If you go with an ARM you should understand the max cap and the max movement per year. If you are planning on moving in 5 years it may make sense. Our first townhome we did an ARM (2009) as we planned on moving in 5 years (Moved in 2013) and I knew the rates were going to stay low as we were still sliding down when we closed.
Fast forward to this summer, had an opportunity to "arm up" again with our new house or go fixed 30 year. Ended up locking a 3.75 (rates jumped up .5 the week before closing

) fixed 30 year. Why? The Fed can't keep it this low forever, eventually the rates will equalize to be where they should be to support this type of economy, my guess 6-8% or more.
Money is cheap right now, lock in with what you can.
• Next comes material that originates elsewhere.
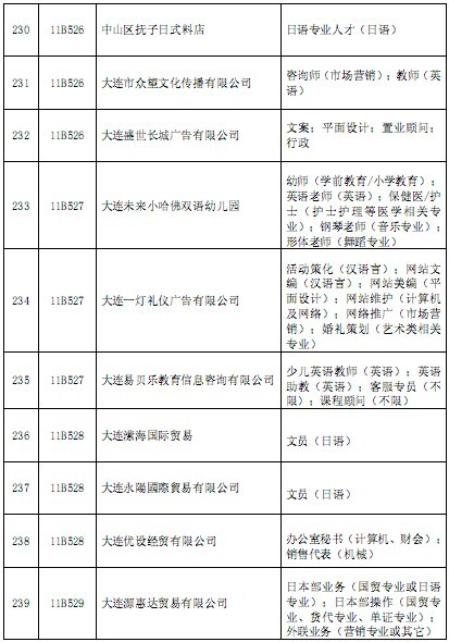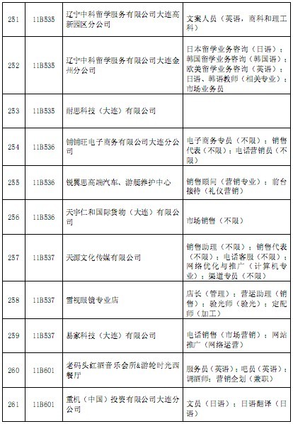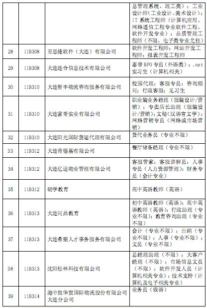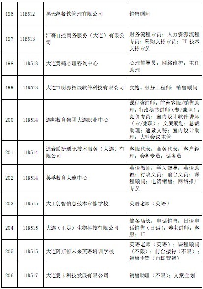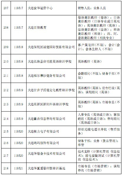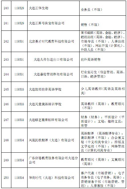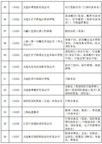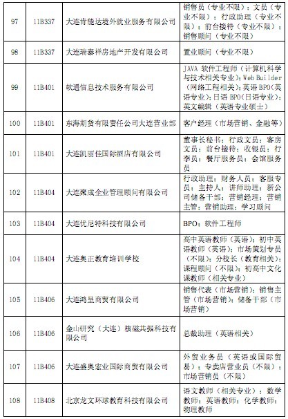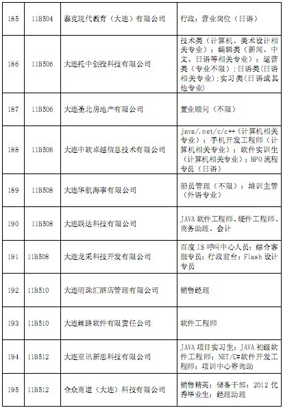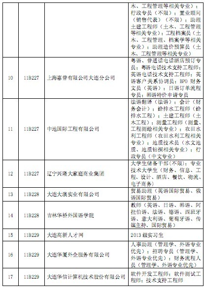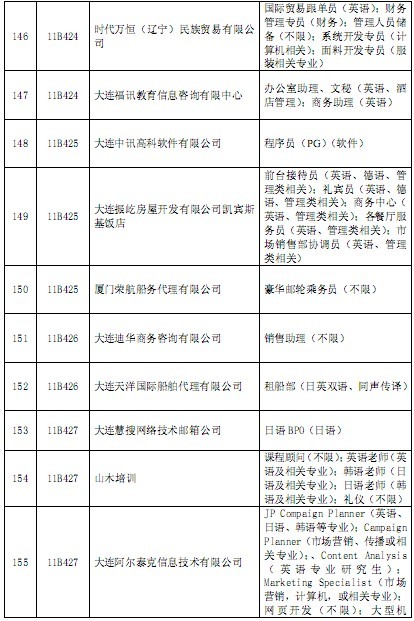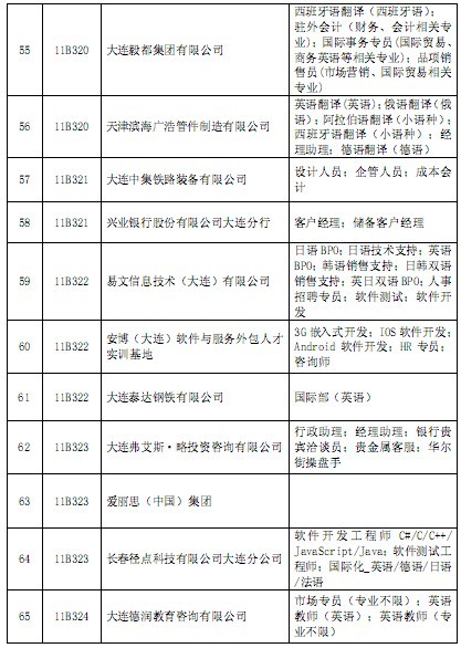大连外国语学院 2013 届毕业生大型招聘会单位汇总

I bet 5 years from now we won't be anywhere near this rate for car loans, home loans, etc.
Unless you can get a movement guarantee of closer to 1% with a ceiling of probably 5-6%, I wouldn't do it in this current economic environment.
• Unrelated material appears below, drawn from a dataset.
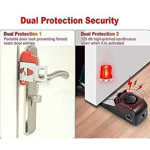 Dual Protection 1:This portable door lock provides you with extra security and privacy, greatly improving your security and preventing unauthorized entry, so the door can’t be opened from the outside, not even with a key; which is a great helper for you when you are on business and trips, or live alone Dual Protection 2: the door stopper alarm with 120DB siren, Once someone opens the door, the door stopper alarm will go off in the first place, they will scaring away bad guys and helps wake you and give you time to find help.Require one 9v battery (Not include) EASY TO USE: Easy to install or remove, Our Security Door lock Kit can be installed in seconds without any tools, Perfect for hotels, dormitories, apartments, short-term rentals, Airbnbs, bathrooms, bedrooms, or private rooms. Package Include:1x Door Stop Alarm,1xPortable Door Lock,1x Instructions,1x Storage bag,1xGift Package p The door stopper alarm need battery-operated that it’s requires 1 X 9V battery (package not included) /b – Package: /b 1X Door Stopper Alarm (without battery), 1 X portable door lock. /b br – Are you worried about the insecurity in a hotel and fear of strangers opening your room? – So, imagine, you’re alone at home or in a hotel or airbnb room or rentals, – sometimes the door lock does not work efficiently. Don’t worry, if you have Our Security Door Kit, – it will prevent unauthorized entry, provide absolute security and privacy of your room and peace of mind in those situations. – Notes: /b – 1. Place it under the door, the gap between the bottom of the door and the floor should be 10MM(0.38 in) to 30MM(1.35 in). – 2. Smooth floor can try to use H-type sensitivity, vibration-sensing alarm. – 3. When the alarm sound gradually becomes smaller, it means to replace the new battery. – 4. Turn off the power supply can be used as a doorstop. – 5. – 6.portable add lock can only be used for in-swinging hinged door /p

If you have a drop of $300 a month, and you said $4000 in closing costs, your break even is 13 months, so its not a bad move. I would personally lock a little higher, say 4% fixed 30 year, swallow a $200 a month profit and break even in 20 months as you said you are moving in around 5 years (not 2 years).
**rough calculations, not going into an amort table this late in the night.